Receding FII inflows, poor corporate performance and uncertainty on the domestic macro-economic front have sent several stocks to their 52-week lows in the last ten days.
According to data from Bloomberg, around 40 per cent of the BSE stocks hit their 52-week low since the markets crashed on August 5 following the downgrade of the US sovereign rating by S&P. Of the 2,833 stocks listed on the BSE, 1,129 hit year lows in the last 10 days against about 80 that hit year highs.
On Tuesday alone, 272 of the BSE stocks hit their 52-week lows, while 30 companies hit their 52-week highs.
“There is general panic in the markets now. Negative macro-economic factors were present even two months back, but now the situation has aggravated due to the international financial crisis,” said Mr Prithvi Haldea, Chairman & Managing Director, Prime Database. The deciding factor for the market direction lies with the FIIs, complain market analysts. The FIIs who account for 18.5 per cent of India's market capitalisation, have so far pumped in close to $270 billion into the Indian economy.

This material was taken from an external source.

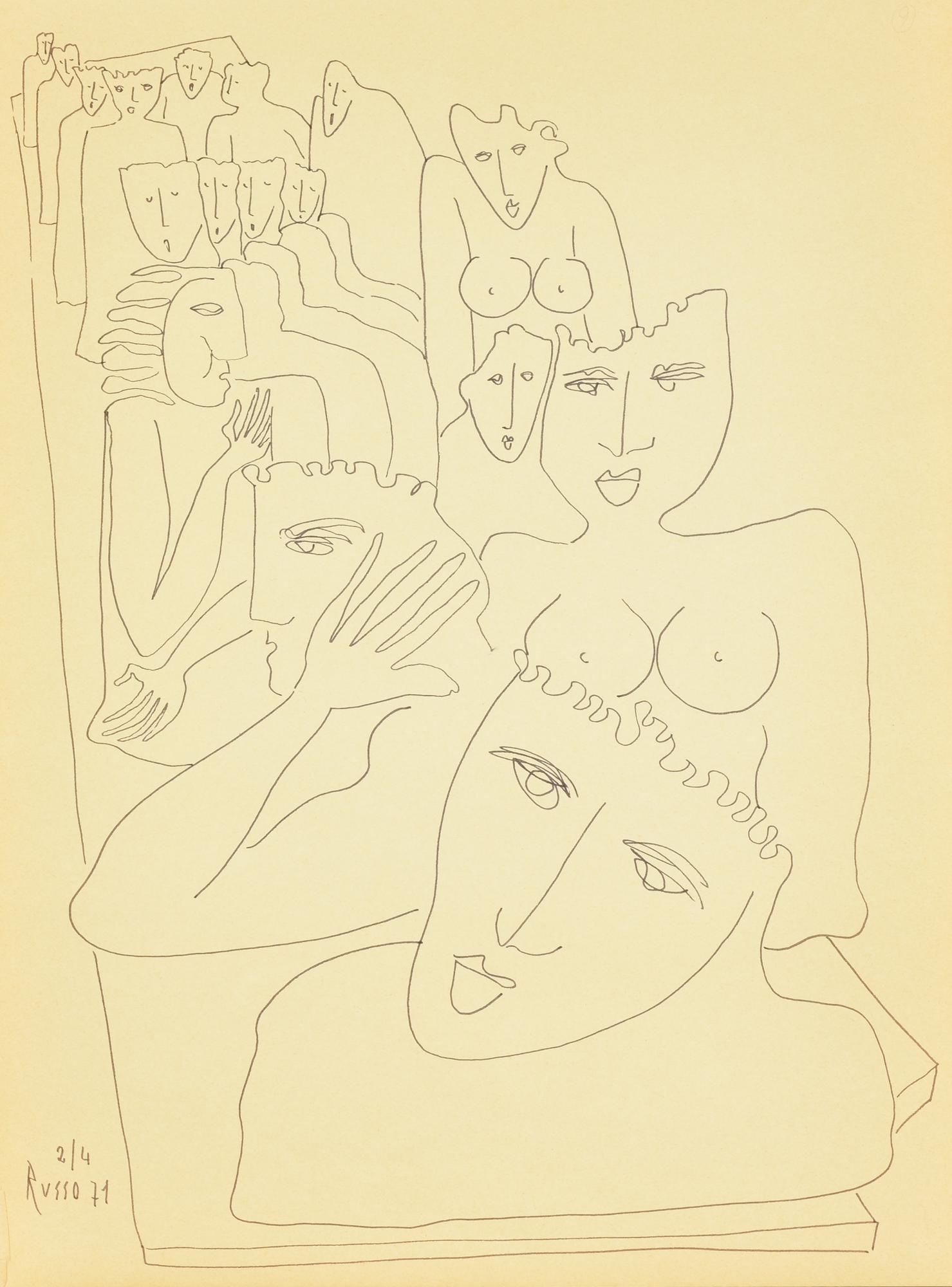 Lot 62 | Russo NUDI E FIGURE pennarello su carta, cm 40x30 firma e data eseguito nel 1971

“Around 57 per cent of the stake of the BSE companies is owned by the promoters and the Indian government, who just buy and hold the securities. The active trading of the securities is carried out by FIIs, thereby controlling the direction of the market,” said Mr Saravana Kumar, Chief Investment Officer, Tata AIG Life Insurance.

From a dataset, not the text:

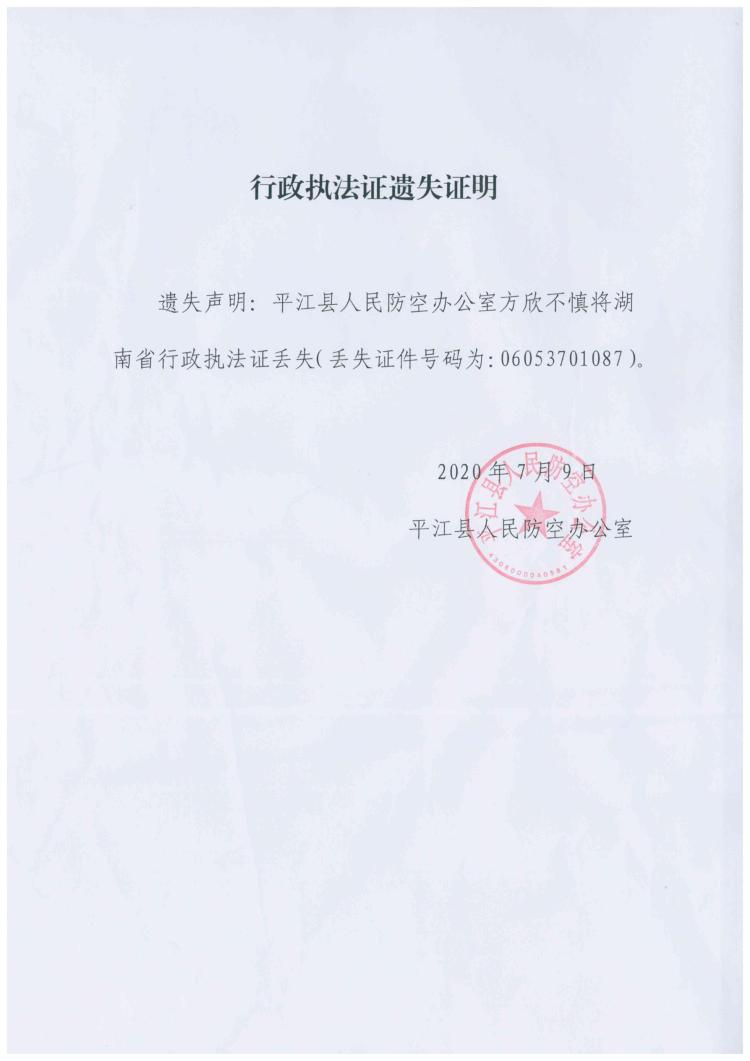 行政执法证遗失证明

The increase in interest rates by the RBI has also put company margins under pressure, said analysts. In the last 16 months, the RBI has increased interest rates by about 425 bps, leading to weaker domestic earnings, they added.
Emerging markets such as India have started looking unattractive to foreign investors. “We are probably very close to the lows of the year; the reason I don't emphatically say this is the buying moment is we still have an inflation problem in the big emerging markets,” said Mr Adrian Mowat, the chief Asia and emerging-market strategist at JPMorgan, in an interview to Bloomberg.
Experts are divided on whether the current market situation is conducive for investments. Some fund managers say that the time may be right for investors to look out for companies with good growth prospects and buy into the shares for long-term gains. However, others feel the market might decline further. “People want to be cautious, so they are sitting on some amount of cash. There is no aggressive deployment happening as of now, as they are waiting for a correction,” said Mr Kumar.